ABOUT THIS EXERCISE: A word-for-word copy of the data is what's wanted, with no pictures.

Source records:
>>>

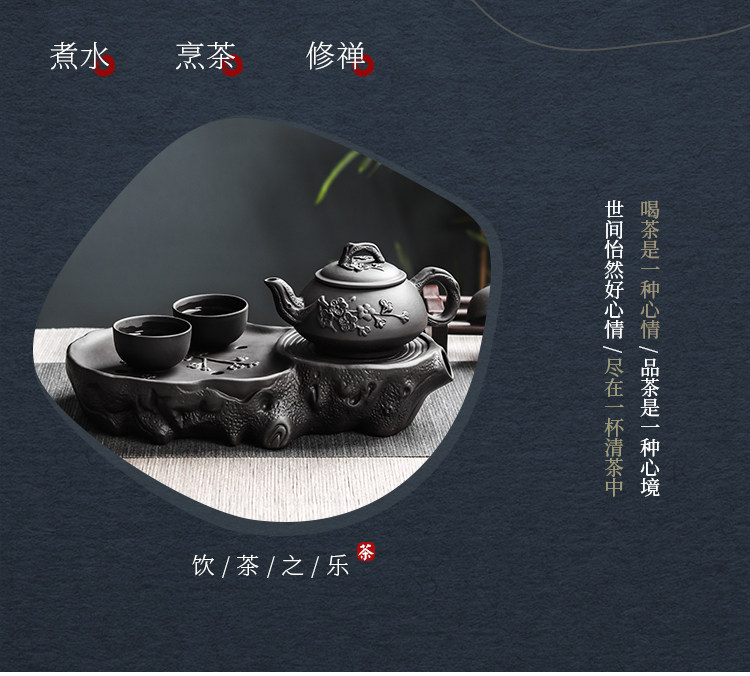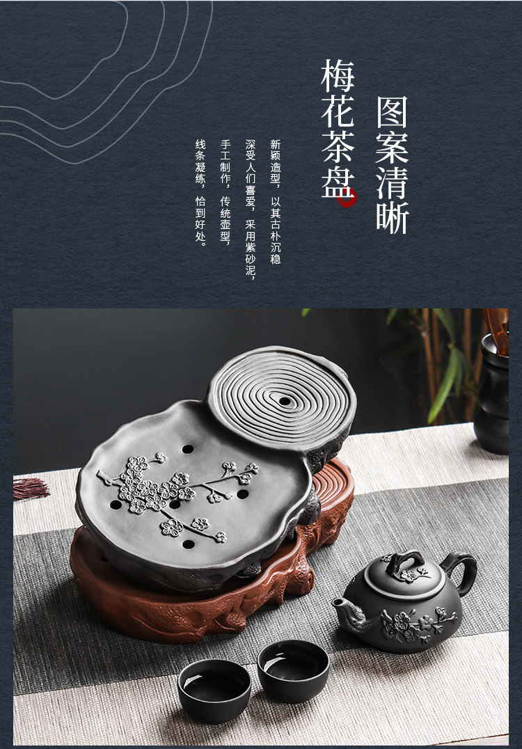 black plum tea tray + small size hanmei aoxue pot +4 small cups
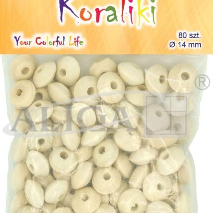 Koraliki drewniane płaskie 14/8mm, otwór 5mm 80szt PJ-0782
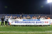 뉴스투게더 장영주 기자 | 한국 여자프로축구 최강인 화천 KSPO(국민체육진흥공단)가 올시즌 WK리그 챔피언의 자리에 재도전한다. 화천 KSPO는 오는 15일 오후 2시 화천생활체육공원에서 열리는 2025 WK리그 챔피언 결정전 2차전에서 서울시청을 불러들여 최종전을 치른다. 지난해에 이어 2년 연속 정규리그 1위를 차지한 화천 KSPO는 일찌감치 2025 WK리그 챔피언 결정전 직행 티켓을 거머쥐었다. 이미 화천 KSPO는 지난 8일 서울 월드컵 보조구장에서 열린 챔피언 결정전 1차전에서 서울시청을 3대2으로 제압하며 챔피언 왕좌에 등극하기 위한 유리한 고지에 올랐다. 올 시즌 화천KSPO는 28경기에서 16승9무3패(승점 57)를 기록하며 정규리그 1위를 차지했다. 정규 리그에서 56골을 터트리며 리그 득점 1위 팀에 오른 화천 KSPO의 팀컬러는 화끈한 공격축구다. 만약 화천 KSPO가 2025 WK리그 챔피언까지 차지한다면, 올해 제24회 전국여자축구선수권대회와 제106회 전국체육대회 우승에 이어 ‘트레블(3관왕)’을 달성하게 된다. 화천 KSPO는 지난
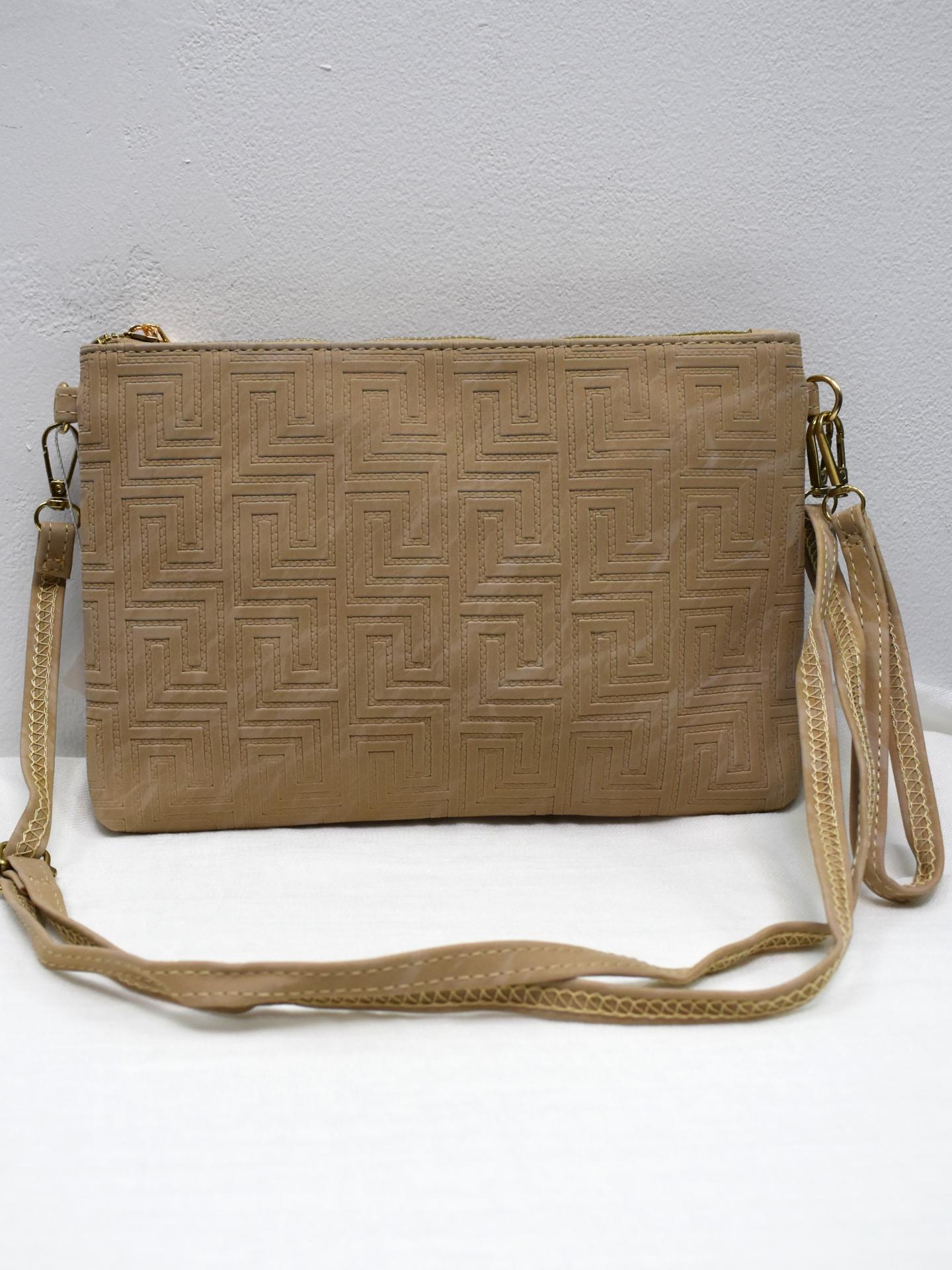Bolso mujer de mano y bandolera con diseño geométrico en relieve, cierre de cremallera y bolsillo trasero. Elegante, práctico y disponible en 4 colores.
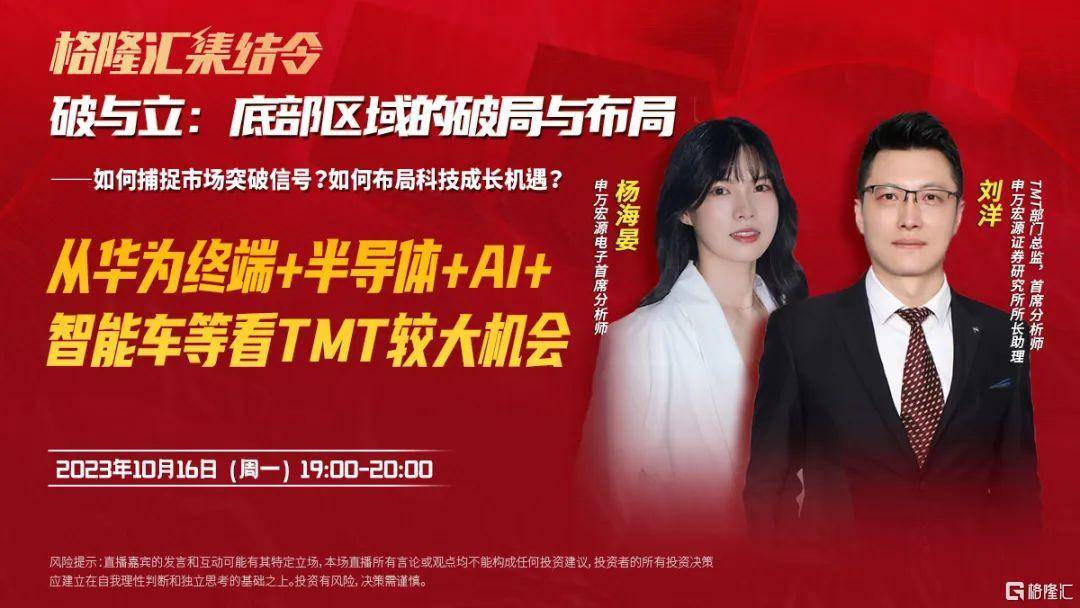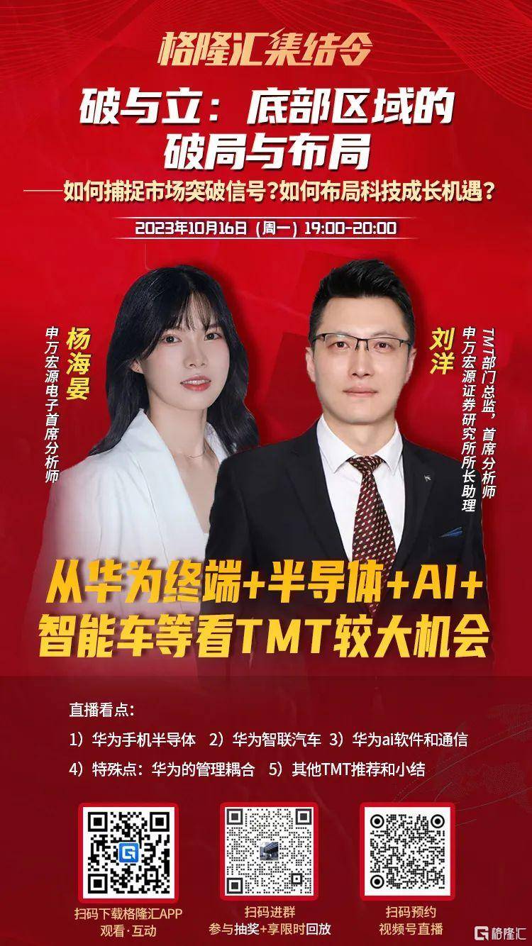 为更详细解读上述投资者关心的问题,格隆汇集结令特邀申万宏源证券研究所所长助理,TMT部门总监,首席分析师刘洋先生、申万宏源电子首席分析师杨海晏女士,于下周一晚上19点在各大直播间为投资朋友们带来全面详细的专业分享,欢迎大家扫码一键预约直播,准时收看参与抽奖和互动提问:
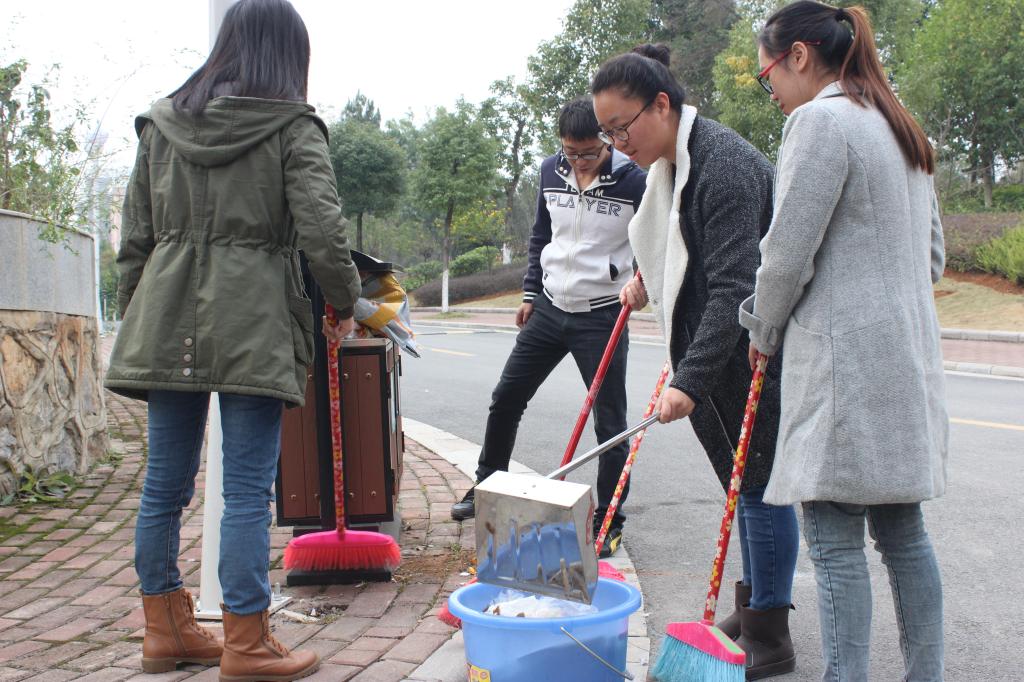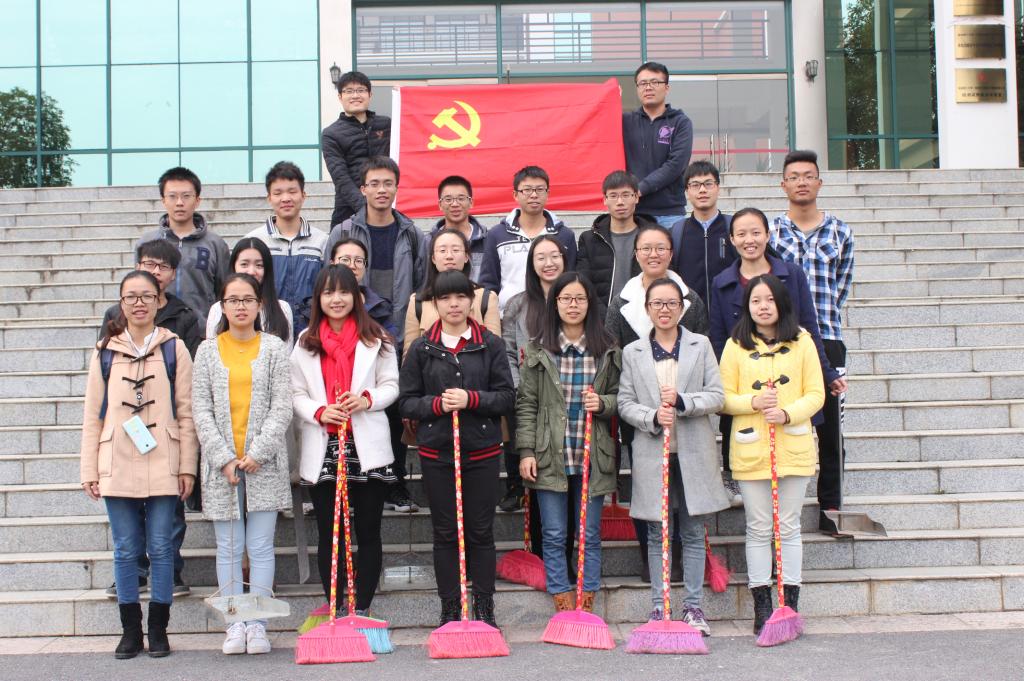 组织全体预备党员同志在萃华楼前进行党员志愿服务活动,同学们带着扫帚,垃圾铲等清扫工具进行校园清洁环境义务劳动。

<<<

TASK RESULT:
 black plum tea tray + small size hanmei aoxue pot +4 small cups
 Koraliki drewniane płaskie 14/8mm, otwór 5mm 80szt PJ-0782
 뉴스투게더 장영주 기자 | 한국 여자프로축구 최강인 화천 KSPO(국민체육진흥공단)가 올시즌 WK리그 챔피언의 자리에 재도전한다. 화천 KSPO는 오는 15일 오후 2시 화천생활체육공원에서 열리는 2025 WK리그 챔피언 결정전 2차전에서 서울시청을 불러들여 최종전을 치른다. 지난해에 이어 2년 연속 정규리그 1위를 차지한 화천 KSPO는 일찌감치 2025 WK리그 챔피언 결정전 직행 티켓을 거머쥐었다. 이미 화천 KSPO는 지난 8일 서울 월드컵 보조구장에서 열린 챔피언 결정전 1차전에서 서울시청을 3대2으로 제압하며 챔피언 왕좌에 등극하기 위한 유리한 고지에 올랐다. 올 시즌 화천KSPO는 28경기에서 16승9무3패(승점 57)를 기록하며 정규리그 1위를 차지했다. 정규 리그에서 56골을 터트리며 리그 득점 1위 팀에 오른 화천 KSPO의 팀컬러는 화끈한 공격축구다. 만약 화천 KSPO가 2025 WK리그 챔피언까지 차지한다면, 올해 제24회 전국여자축구선수권대회와 제106회 전국체육대회 우승에 이어 ‘트레블(3관왕)’을 달성하게 된다. 화천 KSPO는 지난
Bolso mujer de mano y bandolera con diseño geométrico en relieve, cierre de cremallera y bolsillo trasero. Elegante, práctico y disponible en 4 colores.
 为更详细解读上述投资者关心的问题,格隆汇集结令特邀申万宏源证券研究所所长助理,TMT部门总监,首席分析师刘洋先生、申万宏源电子首席分析师杨海晏女士,于下周一晚上19点在各大直播间为投资朋友们带来全面详细的专业分享,欢迎大家扫码一键预约直播,准时收看参与抽奖和互动提问:
 组织全体预备党员同志在萃华楼前进行党员志愿服务活动,同学们带着扫帚,垃圾铲等清扫工具进行校园清洁环境义务劳动。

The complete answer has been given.